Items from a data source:
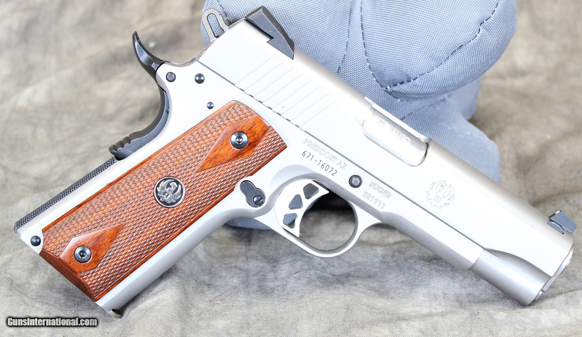 Description: The Ruger SR1911 Semi-Auto Pistol is the same design as the standard-issue 45 caliber M1911 sidearm used by the United States Armed Forces from 1911 to 1985, only made Ruger tough with modern features you would only expect on a custom gun. The Ruger SR1911 is made of high quality stainless steel, manufactured with an ultra-modern precision CNC-controlled machining process that results in a superior slide-to-frame fit, and smooth cycling of the action. The barrel and bushing are also machined from stainless steel to provide excellent accuracy. The frame and slide of the Ruger 1911 are finished with a low-glare bead-blasted finish, and the slide is serrated to provide a positive grip while cycling the action by hand. To enhance the potential accuracy of the Ruger SR1911, the pistol features a lightweight, aluminum skeletonized trigger, with an adjustable over-travel stop. The trigger pull is light and crisp with no creep, with a quick, positive reset. A lightweight skeletonized hammer provides instant lock time, and ample serrated surface for positive thumb engagement. The Ruger 1911 has an oversized beavertail grip safety, and an extended thumb safety and slide stop lever provide for fast, positive manipulation. A visual inspection port allows for a visual confirmation that chamber is loaded. The slide on the SR1911 is dovetailed for both front and rear sights; the pistol comes with a Novak® LoMount Carry rear sight and standard front sight that provide optimal target acquisition with a 3-dot sight system, and are ideal for holster carry. The Ruger SR1911 Semi-Automatic Pistol uses standard 1911 magazines, and accepts all standard 1911 parts, and aftermarket 1911 accessories. The M1911 pistol has proven itself over years to be a rugged and reliable sidearm for self defense, Ruger has proven for years they can manufacture high quality firearms at an affordable price, combining the two results in the Ruger SR1911—one of the best handguns for self defense of all time. .45 ACP SOLD Metal Condition: Excellent Wood Condition: Excellent Bore Condition: Excellent Barrels: 4 Weight: 5 lbs Item Location: Nashville, TN |
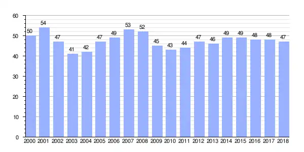 Gráfica de evolución demográfica de Cabo entre 2000 y 2018
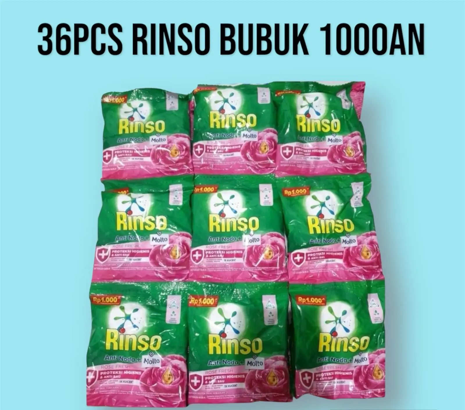 Dapatkan produk deterjen terbaik untuk rumah tangga Anda dengan PROMO 36PCS/6RENCENG RINSO BUBUK 1000AN ISI 38GR JATIM.
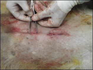 Wie auf den Bildern zu sehen, sind die Zugänge winzig. Es ist nicht zu erwarten, dass unser Patient sich diese kleinen Wunden aufleckt. |
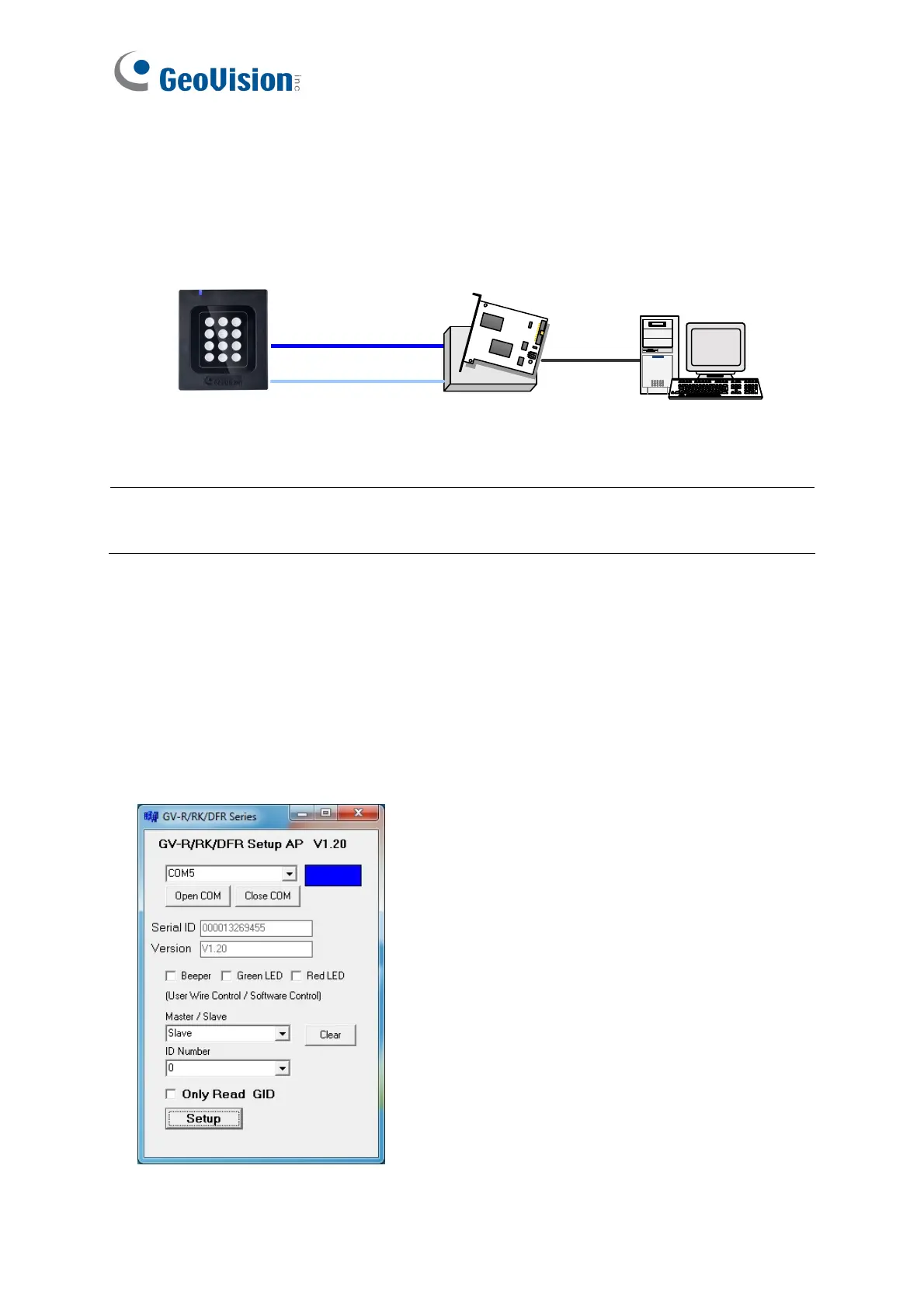 After the reader is connected to the computer of the GV-DVR/NVR, use the GV-R/RK/DFR

What is being asked :: Each line of the data must be transcribed exactly; pictures are not carried over.

Written answer ::
 Description: The Ruger SR1911 Semi-Auto Pistol is the same design as the standard-issue 45 caliber M1911 sidearm used by the United States Armed Forces from 1911 to 1985, only made Ruger tough with modern features you would only expect on a custom gun. The Ruger SR1911 is made of high quality stainless steel, manufactured with an ultra-modern precision CNC-controlled machining process that results in a superior slide-to-frame fit, and smooth cycling of the action. The barrel and bushing are also machined from stainless steel to provide excellent accuracy. The frame and slide of the Ruger 1911 are finished with a low-glare bead-blasted finish, and the slide is serrated to provide a positive grip while cycling the action by hand. To enhance the potential accuracy of the Ruger SR1911, the pistol features a lightweight, aluminum skeletonized trigger, with an adjustable over-travel stop. The trigger pull is light and crisp with no creep, with a quick, positive reset. A lightweight skeletonized hammer provides instant lock time, and ample serrated surface for positive thumb engagement. The Ruger 1911 has an oversized beavertail grip safety, and an extended thumb safety and slide stop lever provide for fast, positive manipulation. A visual inspection port allows for a visual confirmation that chamber is loaded. The slide on the SR1911 is dovetailed for both front and rear sights; the pistol comes with a Novak® LoMount Carry rear sight and standard front sight that provide optimal target acquisition with a 3-dot sight system, and are ideal for holster carry. The Ruger SR1911 Semi-Automatic Pistol uses standard 1911 magazines, and accepts all standard 1911 parts, and aftermarket 1911 accessories. The M1911 pistol has proven itself over years to be a rugged and reliable sidearm for self defense, Ruger has proven for years they can manufacture high quality firearms at an affordable price, combining the two results in the Ruger SR1911—one of the best handguns for self defense of all time. .45 ACP SOLD Metal Condition: Excellent Wood Condition: Excellent Bore Condition: Excellent Barrels: 4 Weight: 5 lbs Item Location: Nashville, TN |
 Gráfica de evolución demográfica de Cabo entre 2000 y 2018
 Dapatkan produk deterjen terbaik untuk rumah tangga Anda dengan PROMO 36PCS/6RENCENG RINSO BUBUK 1000AN ISI 38GR JATIM.
 Wie auf den Bildern zu sehen, sind die Zugänge winzig. Es ist nicht zu erwarten, dass unser Patient sich diese kleinen Wunden aufleckt. |
 After the reader is connected to the computer of the GV-DVR/NVR, use the GV-R/RK/DFR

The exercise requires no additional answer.